He snorted in disbelief. “Think about it — I’m cleared to handle nuclear warheads. Any day of the week, I can make a few phone calls, get all the approvals, sign a form, and take five megatons from Omega Mountain back to the DAF. I’ve been in the weapons industry my entire professional career… but no one gives me more than a blank stare when I try to find out what’s up here.”
He narrowed his eyes, squinting through the rover’s dusty windshield. “That isn’t any weapons manufacturing station. That is no research laboratory. You’ve been in research laboratories yourself. Look at the place!”
“It doesn’t look like Livermore,” Paige admitted, “but that doesn’t mean it’s anything more sinister. It could well be a stockpile storage site. Sure, the U.S. might be hiding some of its nuclear weapons up our sleeves, despite what the treaties say. Maybe this is where they keep their ace in the hole. It wouldn’t surprise me.”
“If that’s the case, then I would know about it,” Mike said, his face flushed. “Believe me, I’m one of the few people they would inform if they’re going to divert items out of the stockpile — and they refuse to tell me squat about Area 51!” He shook his head. “This is something beyond the pale of normal defense activities. This is outside the control of our elected government and the rights we as citizens have given to our representatives.”
Paige saw his bright eyes, his flushed face. “So what do you think it is, then? And why do you need a nuke to get rid of it? Why is it worth contaminating the southwestern United States?”
He answered instantly, as if he’d been desperately waiting for her to ask. “Dreamland is the training ground for an insidious United Nations Strike Force, whose mission is to absorb the government of the United States into a sanitized and compromised worldwide political organization. I’ve seen the planes without markings, the troops. Their efforts are already underway in Third World countries — the UN Peacekeeping Force is just a front.” He made a raspberry sound. “Peacekeeping! ‘Culture destroying,’ more like.

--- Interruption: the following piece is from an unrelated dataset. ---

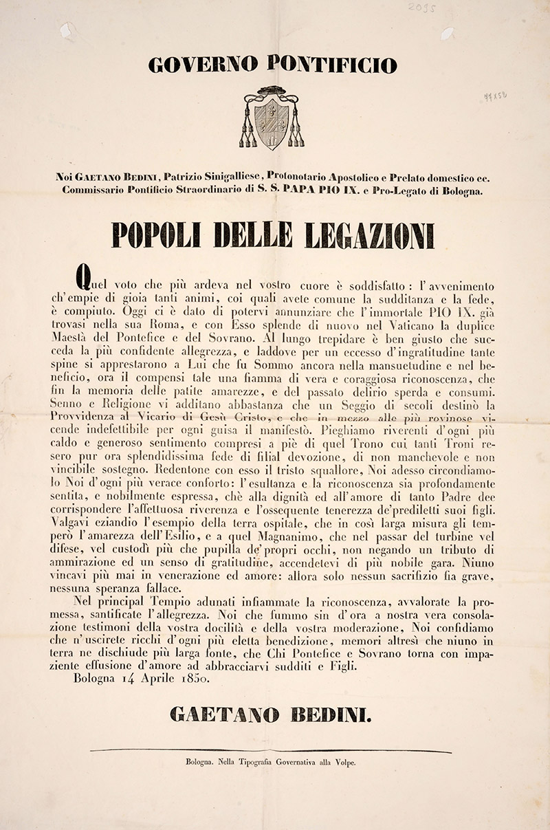 Annuncio ai popoli delle Legazioni del ritorno di Pio IX a Roma, 14 aprile 1850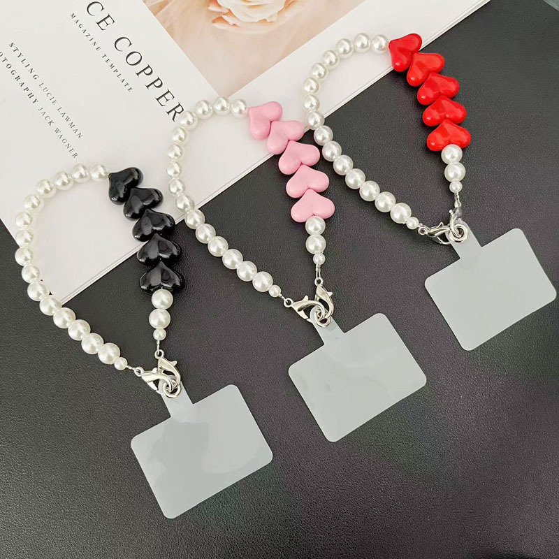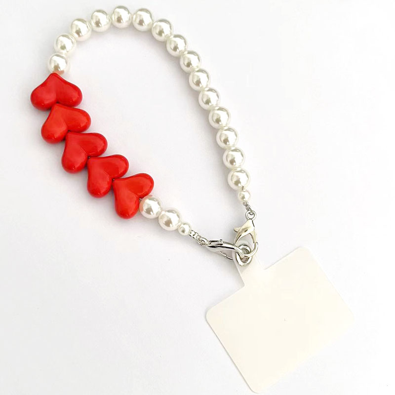 Plastic Pendant Mobile Phone Lanyard, Resin, with Plastic Pearl, Heart, handmade, anti-skidding & for woman, more colors for choice, Length:Approx 29 cm, Sold By PC

“Other countries can fight their own struggles for freedom. America had to. We have our freedom because we earned it. Nobody just handed it to us for free. It was part of our growing pains, but it was also a learning process.
“During the Cold War we achieved a level of maturity to handle the responsibility of nuclear weapons. But do you think other countries, the North Koreans and Bosnians, the Irans or Iraqs, are mature enough to handle that terrible responsibility? I don’t believe it for a minute.
“Despite the flaws and despite all the political arguing between the President and Congress, the Supreme Court, the state legislatures — our government is ours! I can’t stand by when an insidious UN effort is being put in place with the cooperation of elements of our own society. They mean to swallow up the best parts of what we’ve achieved and then combine it with other things from other countries, compromises, so that the entire system becomes one giant worldwide average — mediocrity!”
He extended his hand so briskly that he rapped his knuckles against the windshield. “Inside that facility is a UN Command Center, large numbers of troops, weapons, computer systems, plans for a massive takeover of our national infrastructure, our government. We have to eradicate it all.
“They’ve already infiltrated people into high government positions, even the military. They think it’ll be a bloodless takeover — but the Eagle’s Claw plans to shed plenty of blood. Their blood. Necessary blood for our freedom.” The pleading look had returned to his hangdog eyes. “I know this in my heart, Paige, and if you would open your mind, you’d believe it too.”
She stared at the vast building, but heard no sound, saw no movement. Isolated for so long in Nevada, working in the nuclear weapons industry, Mike Waterloo had been forced to cooperate with his former enemies to dismantle everything he had built during his career, and it must have driven him over the edge. He’d also had to contend with the shock of his wife’s death — not to mention the loss of Paige’s own father a year later… Paige’s father, who would have been a pressure-release valve for him, a sounding board to calm his paranoid delusions.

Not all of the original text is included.